### Instructions to follow
Transcribe all records below exactly, without images.

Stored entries

━━━━━━━━━━━━━━━━

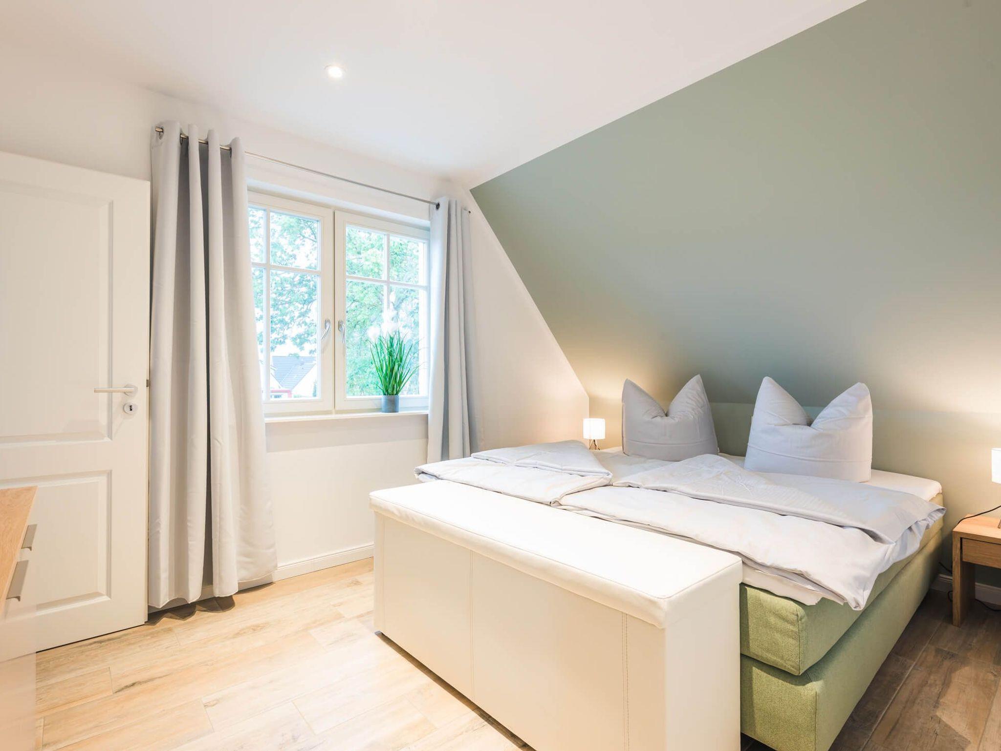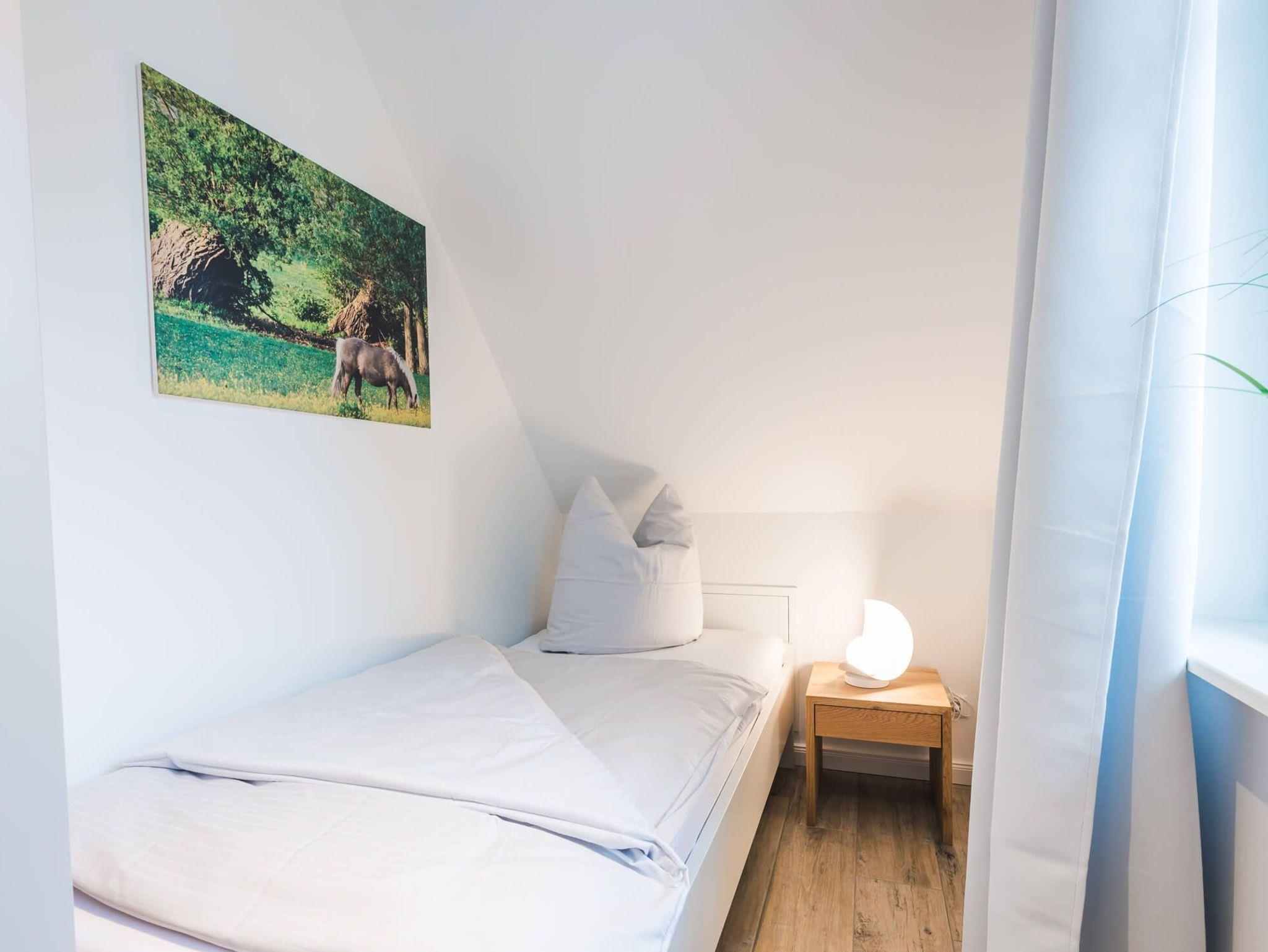 Im Obergeschoss des Ferienhauses befinden sich zwei Schlafzimmer für je zwei Personen. Eines der Hauptschlafzimmer hat Zugang zu einem separaten kleinen Zimmer mit einem Einzelbett. Die Doppel-Schlafzimmer sind mit hochwertigen Boxspringbetten sowie mit einem Flatscreen TV ausgestattet. Der ausgebaute Spitzboden verfügt über zwei weitere Einzelbetten.
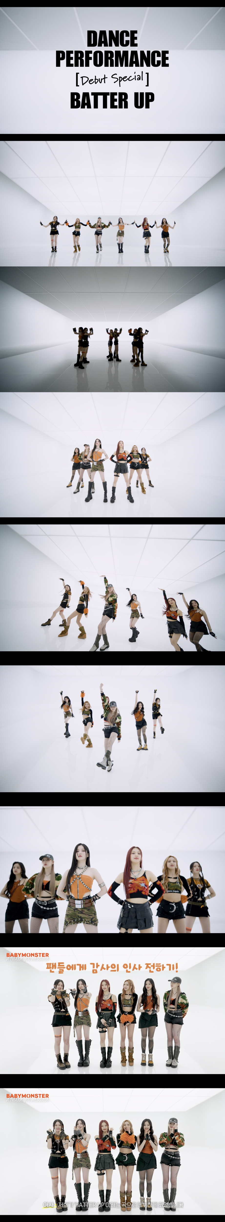 YG엔터테인먼트는 4일 공식 블로그에 'BABYMONSTER - 'BATTER UP' DANCE PERFORMANCE (DEBUT SPECIAL)'을 게재했다. 경쾌한 오렌지 포인트의 밀리터리룩을 입은 베이비몬스터는 독보적인 아우라를 발산했다.
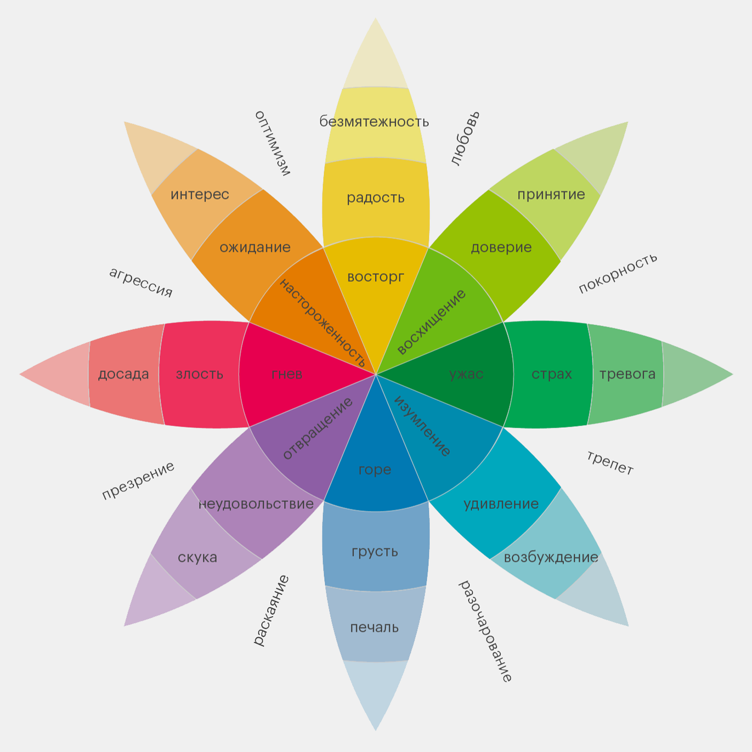 Первый шаг — развить словарный запас, необходимый для разговора о чувствах. Сложно осознать, что испытываешь принятие или досаду, если не знаешь, как назвать эти эмоции. Чтобы разобраться в лексиконе собственного внутреннего мира, можно использовать карты эмоций.
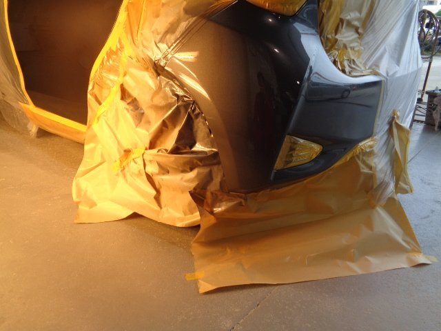よくあるバンパーのキズ修理です。色の違和感を出さない為に、意外と広い範囲の塗装を行なっている事がご覧いただけると思います。
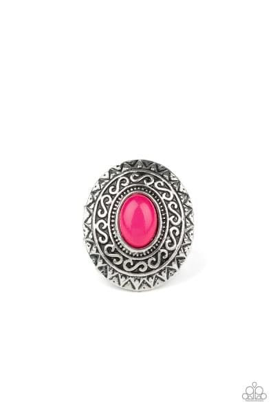 A glowing pink stone is pressed in the center of a dramatic silver frame radiating with shimmery sunburst details for a seasonal look. Features a stretchy band for a flexible fit.
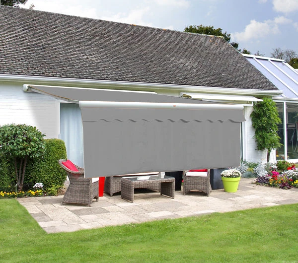 Velcro fastening makes it quick and easy to roll it away and out of sight behind the incorporated scalloped valance. Keep your awning looking neat and stylish all the time without the extra hassle of having to install a detachable valance whenever you need shade.
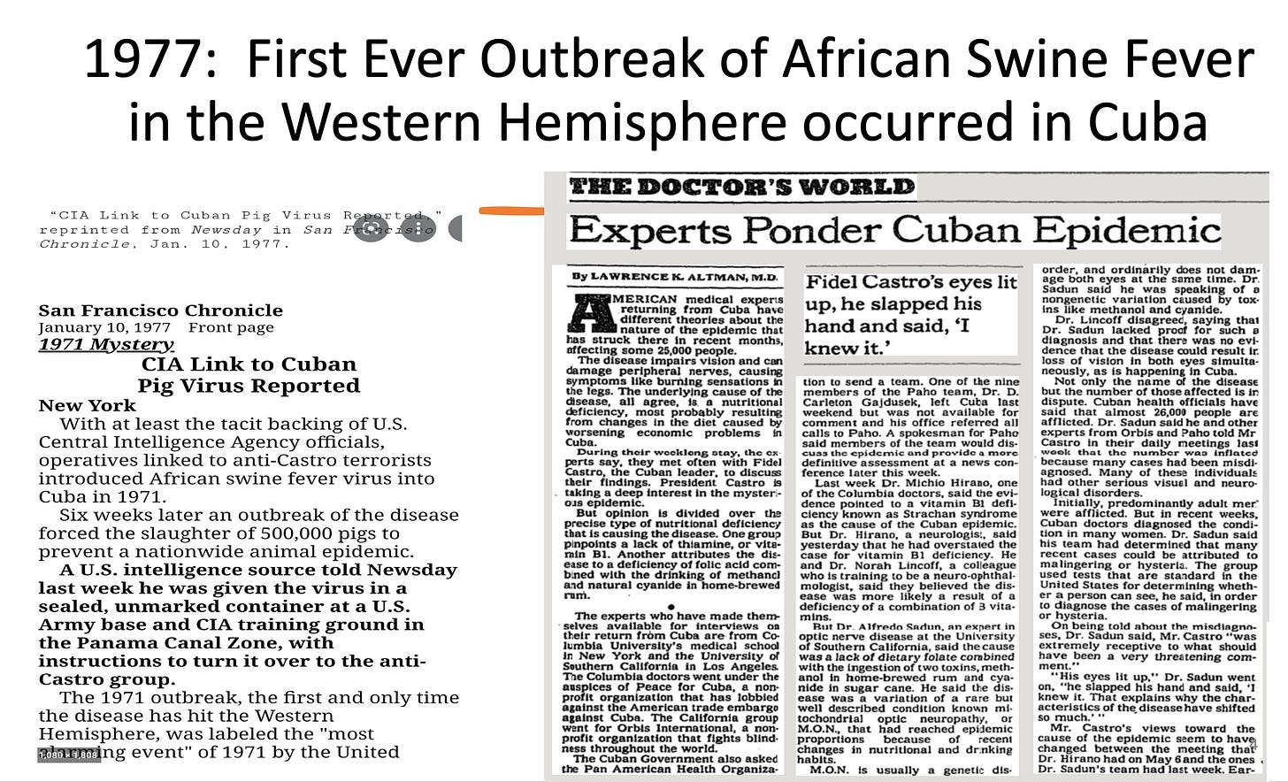 Historically most biowarfare agents were naturally occurring viruses or bacteria. Here is one example in which whistleblowers identified the hand of the CIA.
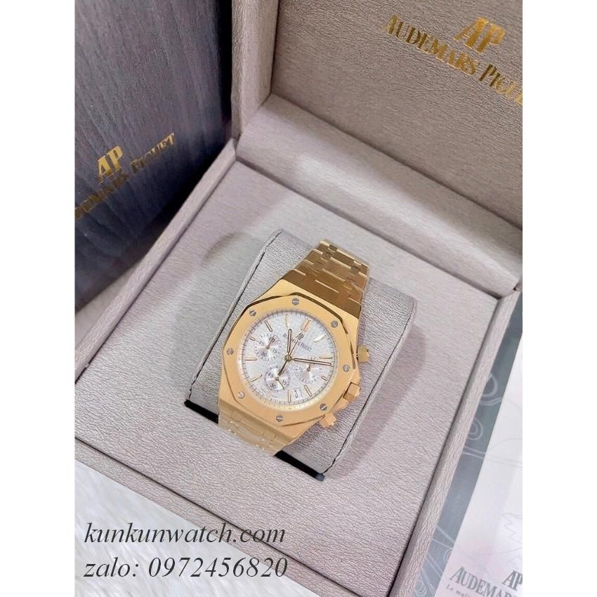 Đồng Hồ Nam Audemars Piguet Royal Oak Chronograph - Quartz - Vàng Mặt Trắng - 41mm

━━━━━━━━━━━━━━━━

### Output of the exercise
 Im Obergeschoss des Ferienhauses befinden sich zwei Schlafzimmer für je zwei Personen. Eines der Hauptschlafzimmer hat Zugang zu einem separaten kleinen Zimmer mit einem Einzelbett. Die Doppel-Schlafzimmer sind mit hochwertigen Boxspringbetten sowie mit einem Flatscreen TV ausgestattet. Der ausgebaute Spitzboden verfügt über zwei weitere Einzelbetten.
 YG엔터테인먼트는 4일 공식 블로그에 'BABYMONSTER - 'BATTER UP' DANCE PERFORMANCE (DEBUT SPECIAL)'을 게재했다. 경쾌한 오렌지 포인트의 밀리터리룩을 입은 베이비몬스터는 독보적인 아우라를 발산했다.
 Первый шаг — развить словарный запас, необходимый для разговора о чувствах. Сложно осознать, что испытываешь принятие или досаду, если не знаешь, как назвать эти эмоции. Чтобы разобраться в лексиконе собственного внутреннего мира, можно использовать карты эмоций.
よくあるバンパーのキズ修理です。色の違和感を出さない為に、意外と広い範囲の塗装を行なっている事がご覧いただけると思います。
 A glowing pink stone is pressed in the center of a dramatic silver frame radiating with shimmery sunburst details for a seasonal look. Features a stretchy band for a flexible fit.
 Velcro fastening makes it quick and easy to roll it away and out of sight behind the incorporated scalloped valance. Keep your awning looking neat and stylish all the time without the extra hassle of having to install a detachable valance whenever you need shade.
 Historically most biowarfare agents were naturally occurring viruses or bacteria. Here is one example in which whistleblowers identified the hand of the CIA.
 Đồng Hồ Nam Audemars Piguet Royal Oak Chronograph - Quartz - Vàng Mặt Trắng - 41mm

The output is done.